Has anyone here seen or heard about The People's Supermarket?  A co-operative supermarket venture set up in Camden in London in 2010, its shaky beginnings were viewed by me across the world in Australia when the four-part BBC documentary was shown here a couple of months ago.  One of the things that captivated and frustrated me about it was the amount of food that is regularly thrown out by major food chains in the UK.  And it would be no different here in Australia.  And that makes the testicle squeeze by those chains on the farmers just a little more absurd, and just a little more grotesque.
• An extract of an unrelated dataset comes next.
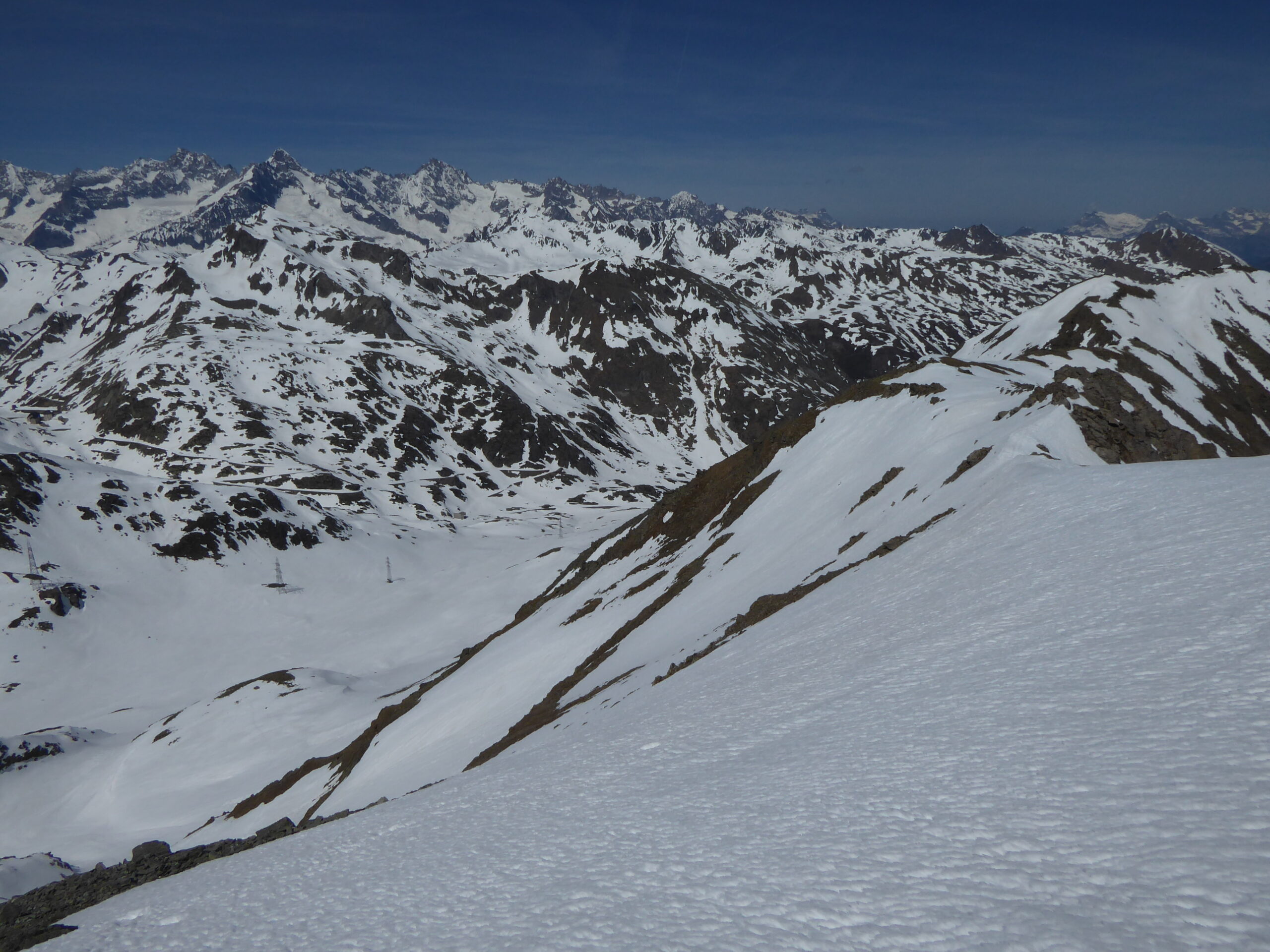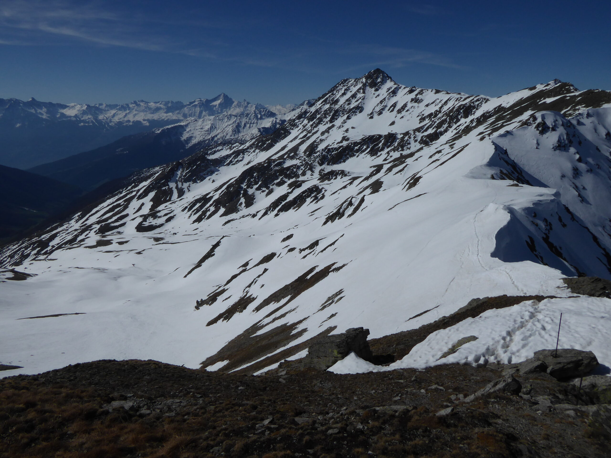 Bourg-Saint-Bernard, col N de Menouve par le vallon homonyme et traversée de la pointe à l'ouest. Descente sous le col de Menouve S sur la Tsa-Nouva jusque 2450 env. Remontée à l'arête de Tcholeire (2850), pointe de Barasson par son arête N en AR à pied. Descente de la pente O puis de la combe de Barasson et retour au point de départ par la route du GSB.

One of the many things I love about The People's Supermarket is its commitment to reduction of that food wastage.  Another is to fairly-priced goods both for consumers and farmers, a precarious balancing act.  One of the creative ways this balancing act is achieved is that TPS buys the fish John West reject - they buy the potatoes and the capsicums that the supermarkets pass over because they are not perfect.  They might not be perfectly oval potatoes, they might be slightly-more-bizarrely-shaped-than-usual capcisums.  TPS buys and them and sells them at a good price to people who are prepared to believe that they can handle the fact potatoes and capsicums come in all shapes and sizes, and taste the same regardless.